At the very end, I get the following error:

kainet> closures copied successfully
pi> /nix/var/nix/profiles/system/bin/switch-to-configuration: line 3: use: command not found
pi> /nix/var/nix/profiles/system/bin/switch-to-configuration: line 4: use: command not found
pi> /nix/var/nix/profiles/system/bin/switch-to-configuration: line 5: use: command not found
pi> /nix/var/nix/profiles/system/bin/switch-to-configuration: line 6: use: command not found
pi> /nix/var/nix/profiles/system/bin/switch-to-configuration: line 7: use: command not found
pi> /nix/var/nix/profiles/system/bin/switch-to-configuration: line 8: syntax error near unexpected token `('
pi> /nix/var/nix/profiles/system/bin/switch-to-configuration: line 8: `use Sys::Syslog qw(:standard :macros);'
pi> error: Traceback (most recent call last):
  File "/nix/store/wg4cfwjw8hq0kr4q0i8svy89xm4l1899-nixops-1.6/lib/python2.7/site-packages/nixops/deployment.py", line 731, in worker
    raise Exception("unable to activate new configuration")
Exception: unable to activate new configuration

error: activation of 1 of 1 machines failed (namely on ‘pi’)

So I investigate the file:

[root@nixos:~]# head -n 1 /nix/var/nix/profiles/system/bin/switch-to-configuration
#! /nix/store/9wd0qq24kqkn0jrz1kzh293k5p869im9-perl-5.24.4/bin/perl -I/nix/store/v6kxygk5i6cd8ij5r809nlkjx80rg36r-perl-File-Slurp-9999.19/lib/perl5/site_perl -I/nix/store/nz0d6k9g88my65cvdqsbxcdkfskrfvw3-perl-Net-DBus-1.1.0/lib/perl5/site_perl -I/nix/store/pvcad82jnvmr4a03gkg9mrxmz8g26q2v-perl-XML-Parser-2.44/lib/perl5/site_perl -I/nix/store/4whv943j55cfb9yqxc9irkhmhw45vmf4-perl-XML-Twig-3.52/lib/perl5/site_perl
[root@nixos:~]# file /nix/store/9wd0qq24kqkn0jrz1kzh293k5p869im9-perl-5.24.4/bin/perl
/nix/store/9wd0qq24kqkn0jrz1kzh293k5p869im9-perl-5.24.4/bin/perl: ELF 64-bit LSB executable, x86-64, version 1 (SYSV), dynamically linked, interpreter /nix/store/v7hg431d55q30gy7hqlpiji3jnvi8gs3-glibc-2.27/lib/ld-linux-x86-64.so.2, for GNU/Linux 2.6.32, not stripped

Again it is x86_64.

Is anything wrong with my configuration that I posted, or could you give a working example I can test?

grahamc commented 6 years ago

I'm not sure, but you probably want to avoid // when merging NixOS configuration sets, and instead use the NixOS module system's import feature:

pi = { ... }: 
    {
      deployment.targetHost = "192.168.0.16";
      imports = [ ./pi.nix ];
    };
}
kwohlfahrt commented 6 years ago

I get exactly the same error with that suggestion.
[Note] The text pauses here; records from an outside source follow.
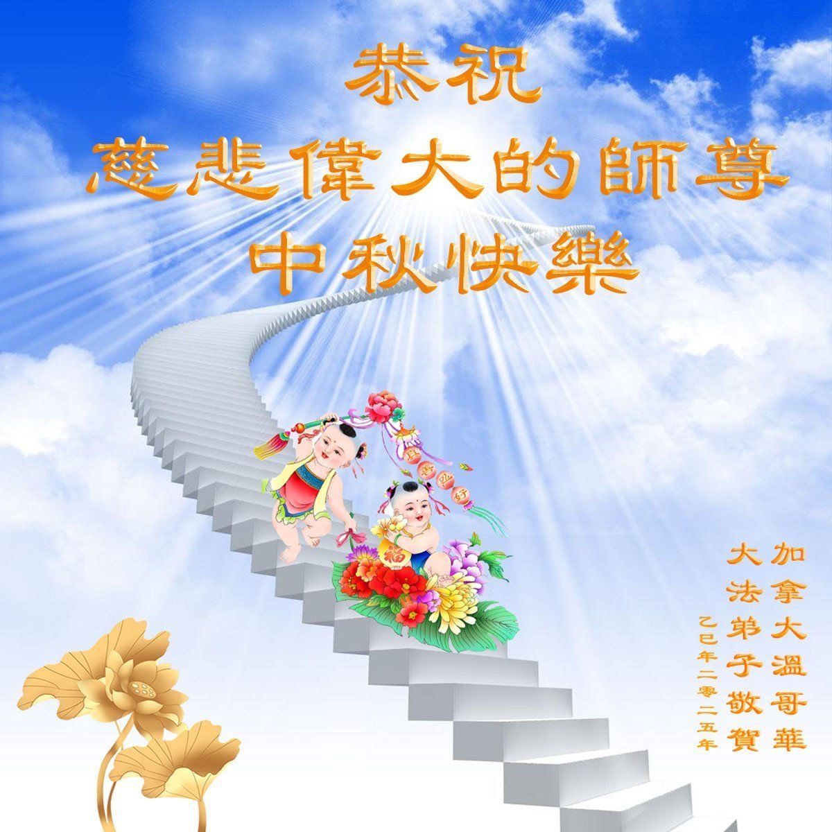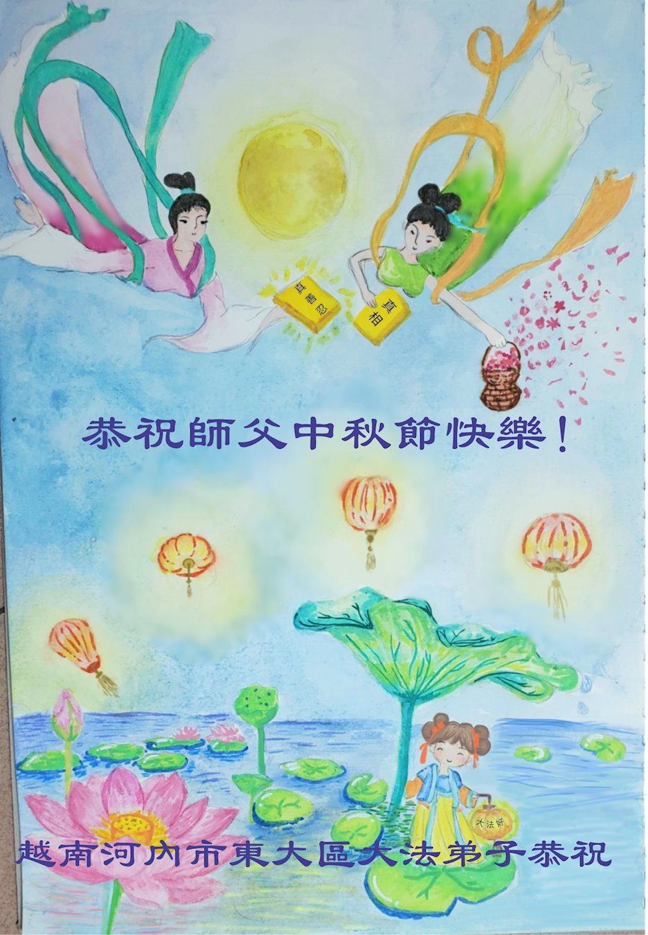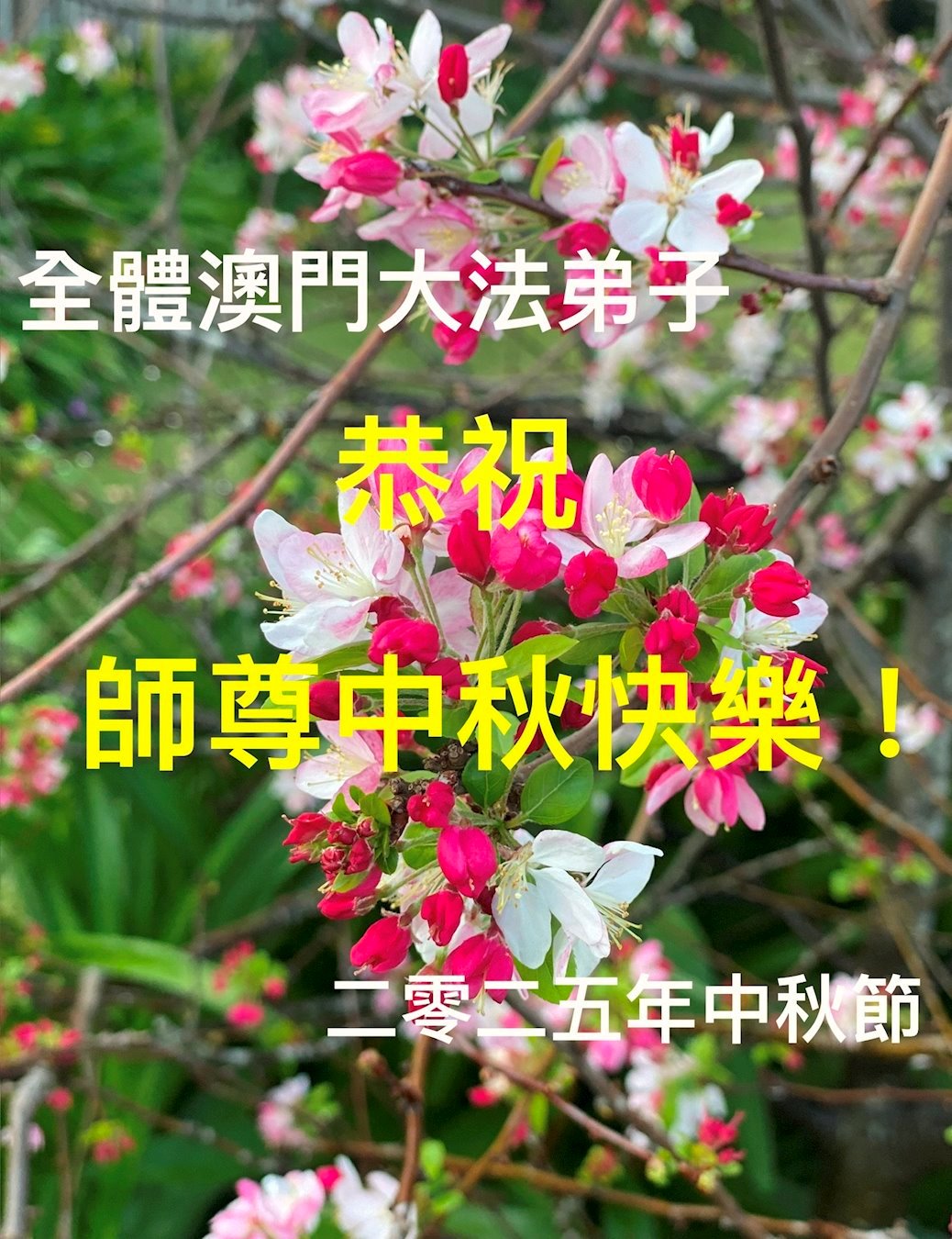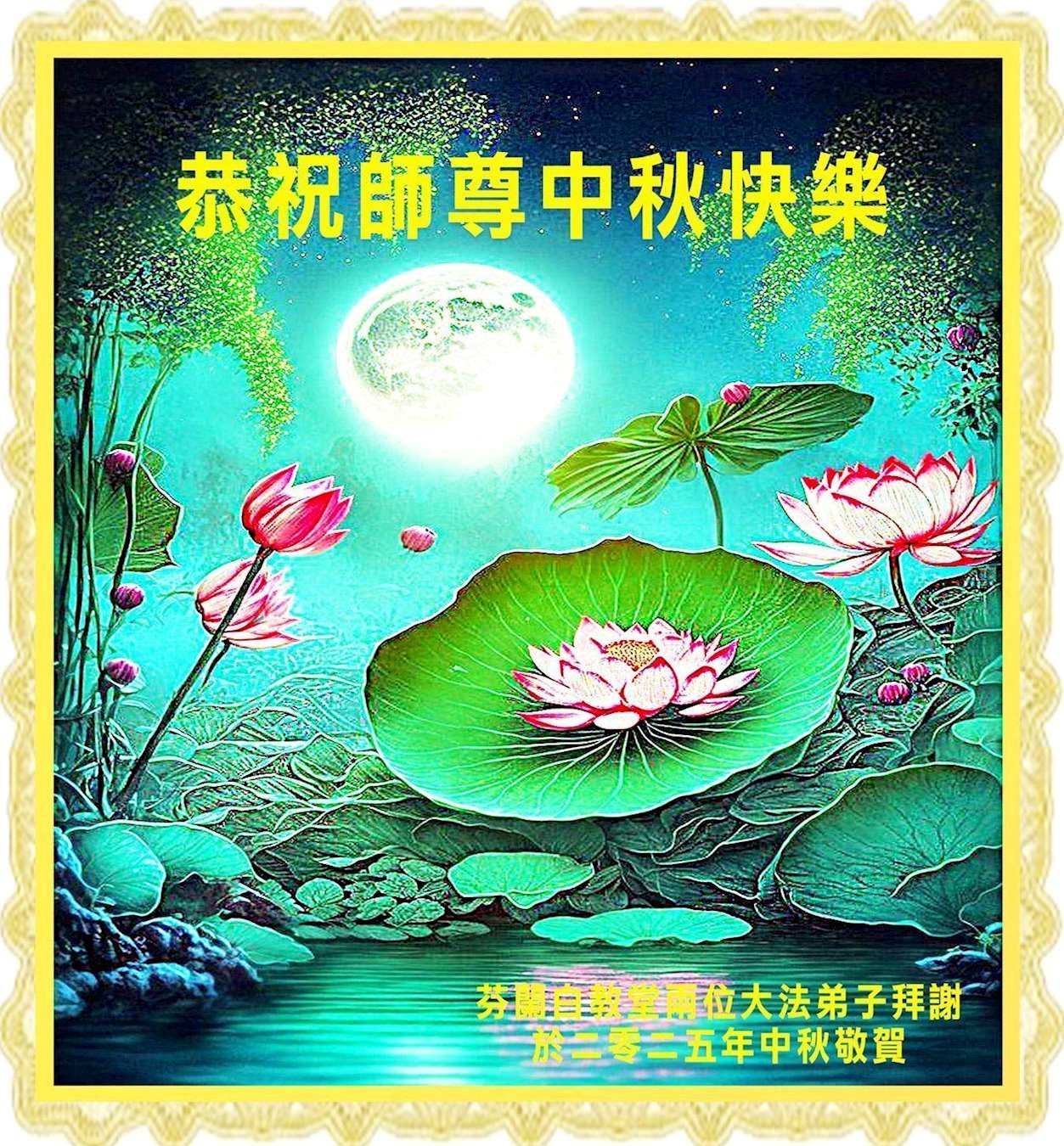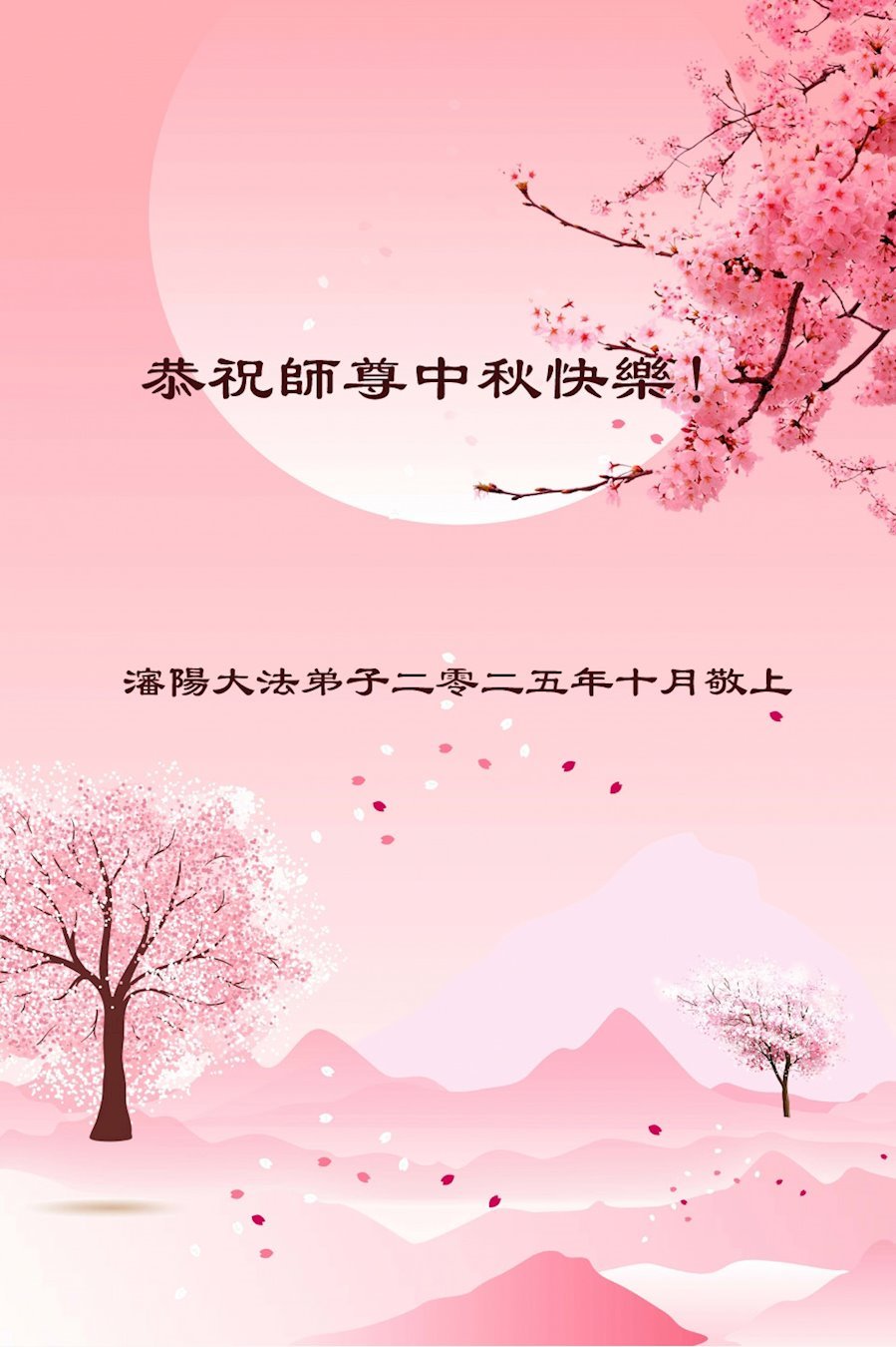 Dear and benevolent Master, I congratulate you on this Mid-Autumn Festival and wish that all Dafa disciples, including myself, remain true to our vows in our cultivation and in saving sentient beings, so that together with you, we may return to our true home。
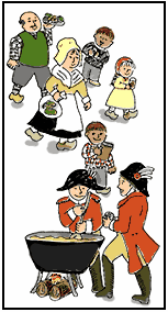 a copy of the story "Stone Soup" 1/2 cup peas 1/2 cup diced carrots parsley 1 onion, chopped 2 potatoes, diced 2 or 3 celery stalks, diced 3 cans of chicken or vegetable broth 3 washed and cleaned "soup stones" soup pot spoon sharp knife (ADULT USE) measuring cup
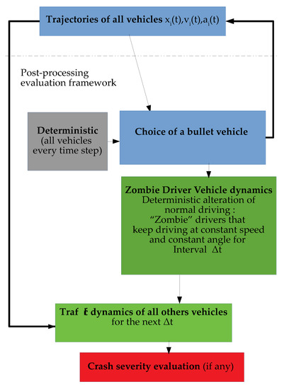 To address these problems and to boost the use of microsimulation for the assessment of traffic safety levels in 2018, in the Department of Civil Engineering of the University of Calabria, the Zombie Driver (ZD) methodology was developed [29]. The methodology follows the traditional approach of conflict based indicators and can be applied to real vehicular trajectories or simulated trajectories derived from microsimulation environments such as AIMSUN [13], VISSIM [14] and Tritone [28,41]. This methodology can encompass all the aspects described, and also introduces the human factor (the possible distraction of the users) as a trigger for accident events.
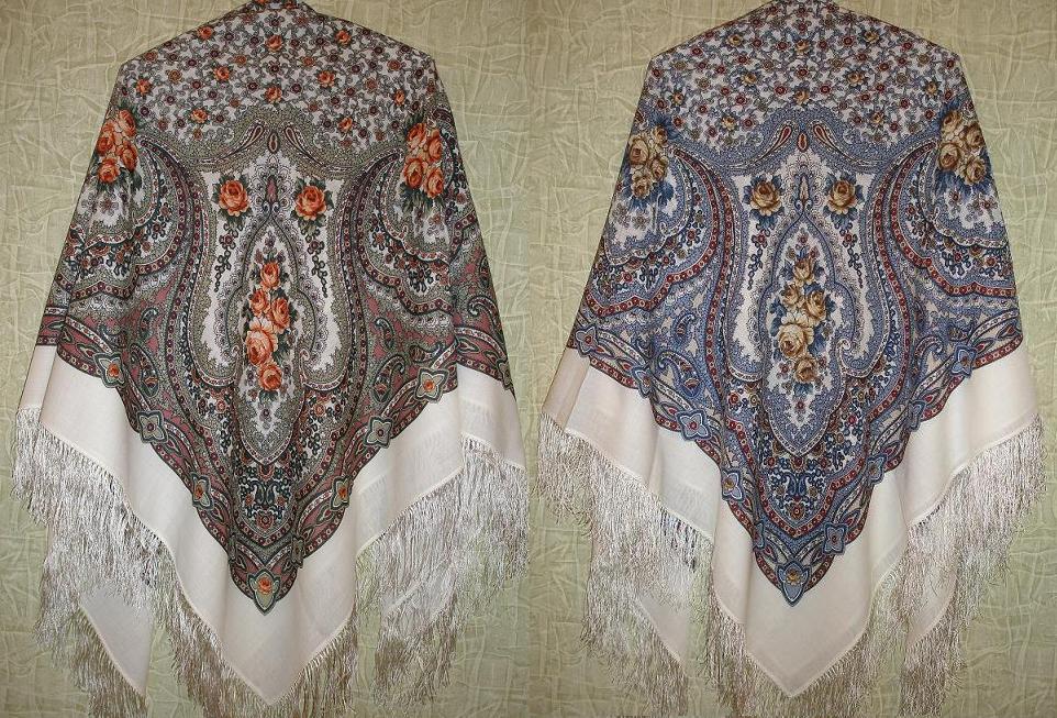 ), как будто между ними есть разница - это засчет золотисто-красноватой бахромы у ЦВ и зеленоватой у Рябинушки. Если подвернуть шали так, чтобы не было видно рисунка и каймы, то различия исчезают.
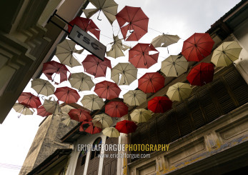 Red And White Umbrellas Above Street, Perak State, Ipoh, Malaysia

Even pasting the config in instead of using any kind of import has the same result.

When I delete and recreate the deployment, it includes the line pi> setting state version to 18.09, which doesn't seem correct given that my stateVersion is set to 'unstable'.

Adding --debug shows the following, should this contain my configuration?

{
  pi = { config, lib, pkgs, ... }: {
    config = {
      boot.kernelModules = [];
      networking = {
        extraHosts = "127.0.0.1 pi-encrypted\n";
        firewall.trustedInterfaces = [];
        vpnPublicKey = "ssh-ed25519 [SNIP] NixOps VPN key of pi";
      };
      system.stateVersion = ( lib.mkDefault "18.09" );
    };
    imports = [
      {
        config.users.extraUsers.root.openssh.authorizedKeys.keys = [
          "ssh-ed25519 [SNIP] NixOps client key for pi"
        ];
      }
    ];
  };
}

It looks like the configuration is completely ignored, which suggests I must be doing something very wrong? I think I've followed the steps in the manual closely, and I gave them all above so please let me know if I'm missing something.

kwohlfahrt commented 6 years ago

As advised on IRC, setting nixpkgs.crossSystem.system = "aarch64" resulted in a whole bunch of packages being built, which eventually falls over on libksba, due to not finding libgpg-error. I'm not sure if this is progress or not...

k4lipso commented 3 years ago

I got the same error while deploying from x86_64-linux to aarch64-linux (raspberry pi 3). Adding nixpkgs.system = "aarch64-linux"; to the configuration of the raspberry pi worked for me.

If you're deploying to machine of a different arch of the deploy host, you need to add (example where the target host is aarch64-linux):

nixpkgs.system = "aarch64-linux";

in the machine's config. This has worked fine for me.

deifactor commented 3 years ago

If I do that, it falls over with the error

error: a 'aarch64-linux' with features {} is required to build '/nix/store/j9dyf8pkwx47acbds22nlpy74796vc1k-append-initrd-secrets.drv', but I am a 'x86_64-linux' with features {benchmark, big-parallel, kvm, nixos-test}

kwohlfahrt commented 3 years ago

Just to follow on from my comment (from two years ago, wow!) I've been using NixOps to manage my Raspberry Pi since then successfully. The setting I used is nixpkgs.localSystem.system = "aarch64-linux" (which the manual recommends over nixpkgs.system).

@deifactor - yes you'll need a aarch64-linux machine to build any packages deployed to an aarch64 machine. However, this will mostly be configuration files that are "built" so a raspberry pi can build it's own system easily (everything else will be fetched from the cache.nixos.org). To use this with NixOps, I added my raspberry pi as a remote builder for the machine I run NixOps on (though this does pose a bit of a bootstrapping problem...).

So the overall setup is:

k4lipso commented 3 years ago

@kwohlfahrt as far as I know it is enough to enable aarch64-linux emulation on the building machine using: boot.binfmt.emulatedSystems = [ "aarch64-linux" ];

At least it works for me. So I think the remote builder is not strictly necessary.

deifactor commented 3 years ago

For future reference: I wound up just switching off of NixOps because this is just a single-person deploy, fwiw. So now I just have a deploy.sh script containing

#!/usr/bin/sh
dir=$(dirname $0)
NIXOS_CONFIG=$dir/configuration.nix nixos-rebuild --fast switch --target-host root@key-of-chronology.local --build-host root@key-of-chronology.local

and I run that on my laptop redeploy.